Intellectual Property > IP Newsflash > Substantial Controversy Exists to Support Declaratory Judgment Complaint under Totality of Circumstances Test Where Patentee’s Conduct Demonstrates Intent to Enforce its Patents
19 Sep '16

Asia Vital Components Co., Ltd. (AVC) filed a declaratory judgment complaint seeking a declaration that its K7 and K9 products do not infringe two of Asetek Danmark A/S’s (“Asetek”) patents. According to AVC, those two products were similar to products made by other companies that Asetek had sued for infringement. Asetek moved to dismiss the complaint, relying on the fact that it never accused the K7 and K9 products of infringement, and that it did not even know the products existed before AVC filed its complaint. The Court of Appeals for the Federal Circuit reversed the district court’s dismissal of the AVC complaint for lack of subject matter jurisdiction, finding that the complaint pled sufficient facts to show a substantial controversy between the parties.

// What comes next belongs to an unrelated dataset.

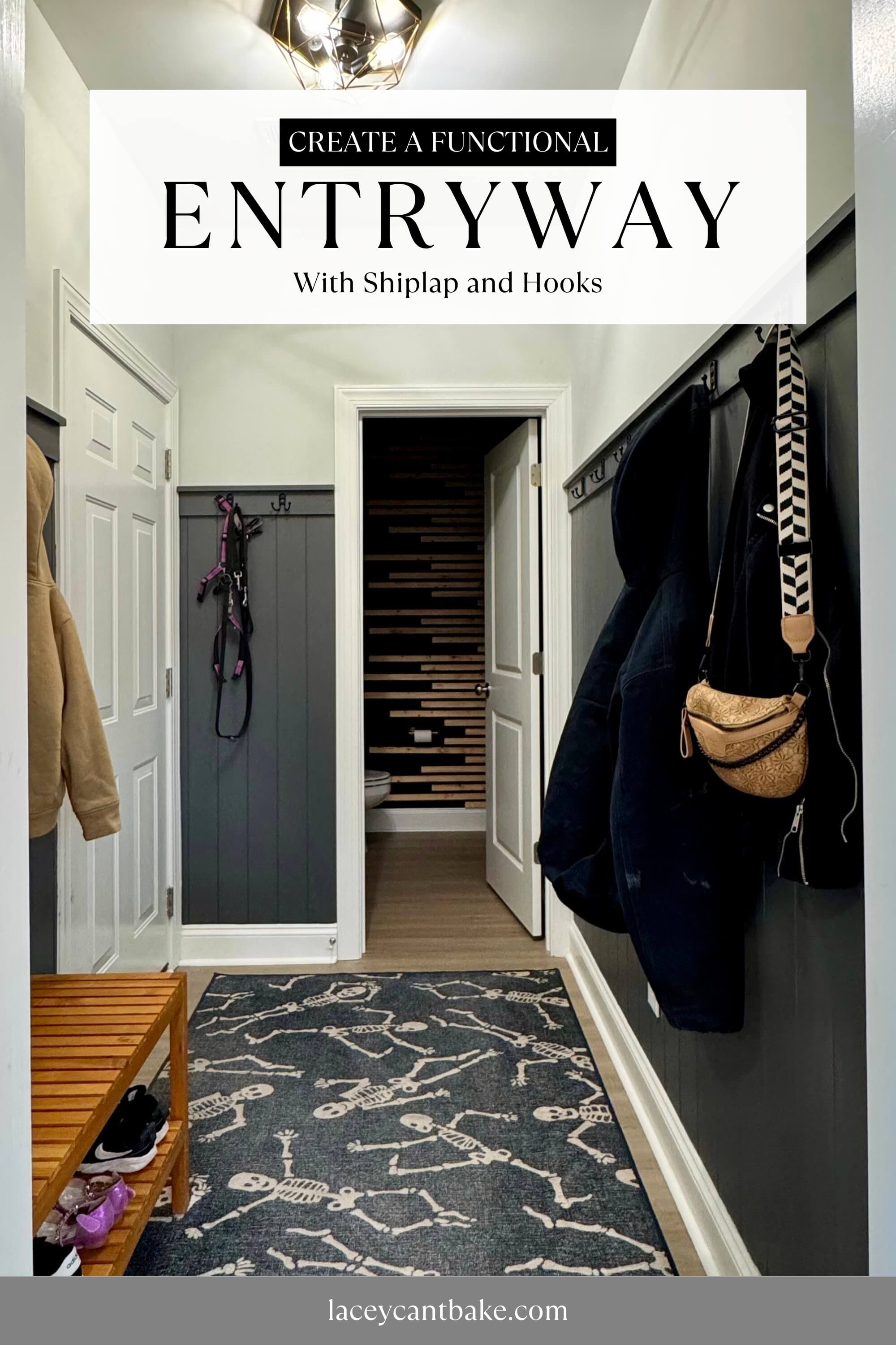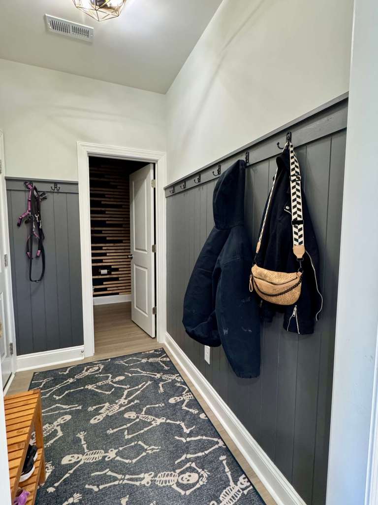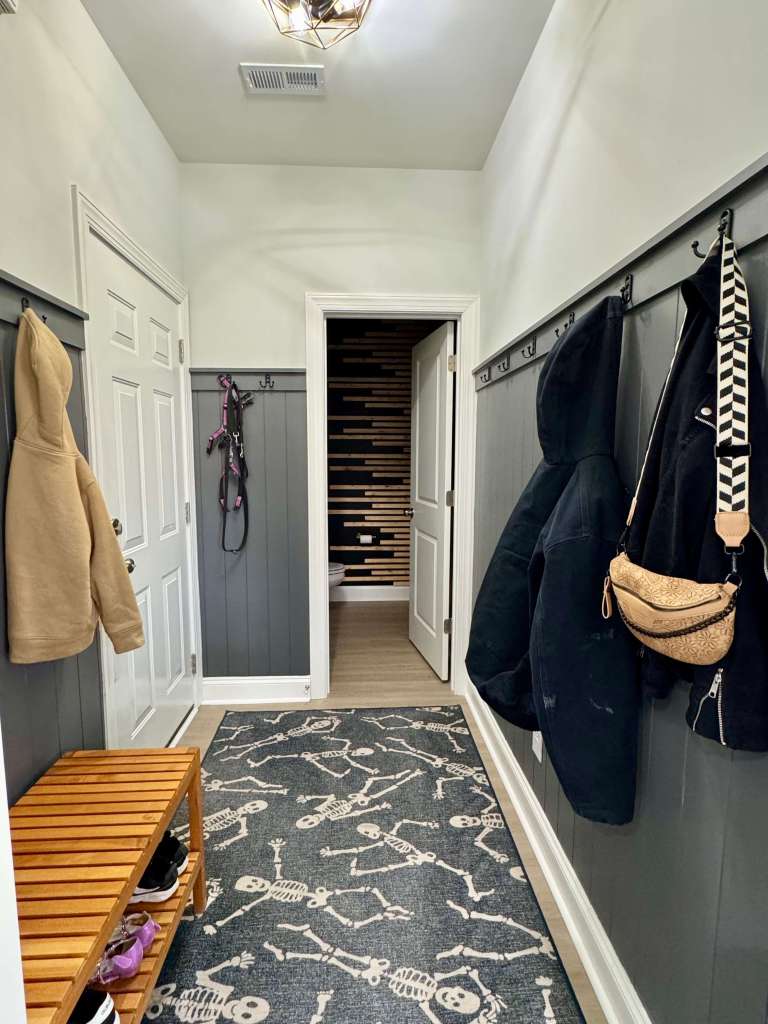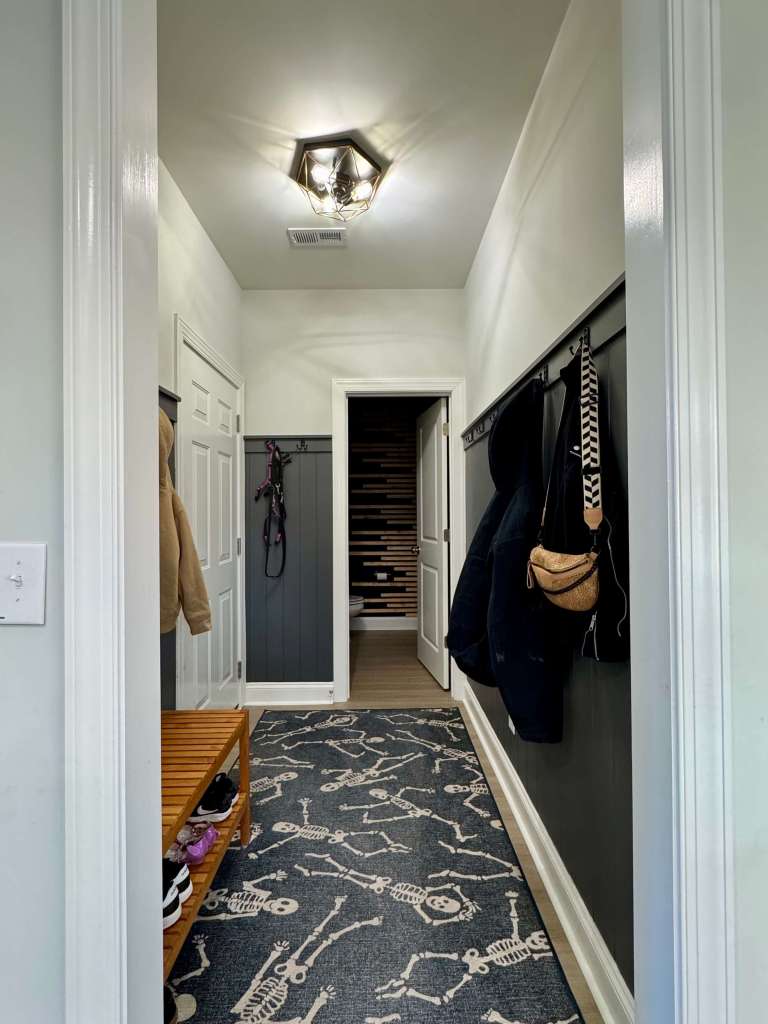 Yes, we do keep our halloween skeleton rug out year round! And no, I do not regret all of those hooks. There are days where we use every single one, although I try to limit it to one jacket per person here and put the rest in our hall closet.

The court applied the MedImmune totality of the circumstances test to determine whether an actual controversy existed between the parties. MedImmune, Inc. v. Genentech, Inc., 549 U.S. 118, 127 (2007). That test analyzes “whether the facts alleged, under all the circumstances, show that there is a substantial controversy, between the parties having adverse legal interests, of sufficient immediacy and reality to warrant the issuance of a declaratory judgment.” The court explained that this test requires that the case or controversy be a real and immediate injury or threat of future injury caused by the defendant. The test is objective and cannot be met by subjective or speculative fear of future harm.

In applying the totality of the circumstances test, the court addressed a variety of factors, including the status of the parties as competitors and Asetek’s history of enforcing its patent rights against other companies. But the court’s analysis focused most keenly on the history of interactions between the parties. For example, Asetek sent a demand letter to AVC, along with an infringement claim chart, accusing a product called Liquidmax 120s of infringement. In response, AVC told Asetek that it does not make the Liquidmax 120s product. The parties continued to exchange correspondence about Asetek’s patents, and ultimately, Asetek stated that it believed AVC was likely selling other infringing products in the United States, that Asetek enforces its patents through patent infringement lawsuits, and that Asetek would not license its patents to AVC in view of previous conflicts between the parties. A meeting took place between the parties during which AVC sought a license to Asetek’s patents and licensing terms were discussed, but no agreement was reached. Asetek never identified any specific AVC product that potentially infringes any of Asetek’s patents.

The court found that, under the totality of the circumstances, AVC showed that an actual controversy exists between it and Asetek. Even though Asetek incorrectly accused the Liquidmax 120s product of infringement, Asetek still sent AVC a demand letter that referenced a product that is similar to AVC’s K7 and K9 products. After Asetek was informed by AVC that it accused the wrong product of infringement, Asetek was undeterred and continued to press AVC about other unidentified products that Asetek alleged were likely infringing, and affirmatively stated that it would not license its patents. The totality of Asetek’s actions demonstrated intent to enforce its patents and the court found that this was sufficient to conclude that a substantial controversy existed between the parties at the time AVC filed its complaint.

Asetek argued, among other things, that, because it never referred to AVC’s K7 and K9 products, and in fact, did not even know about these products at the time the complaint was filed, there could not be a substantial controversy between the parties. The court rejected this argument, finding that the question of jurisdiction turns on whether, under all the circumstances, one can reasonably infer from Asetek’s actions that it intends to enforce its patents. Neither Asetek’s knowledge of specific AVC products, nor specific allegations by Asetek that specific products infringe its patents are relevant to the question of jurisdiction.

Asia Vital Components Co., Ltd. v. Asetek Danmark A/S., 2015-1597 (Fed. Cir. Sept. 8, 2016).
Judges Prost (opinion), Linn, Taranto.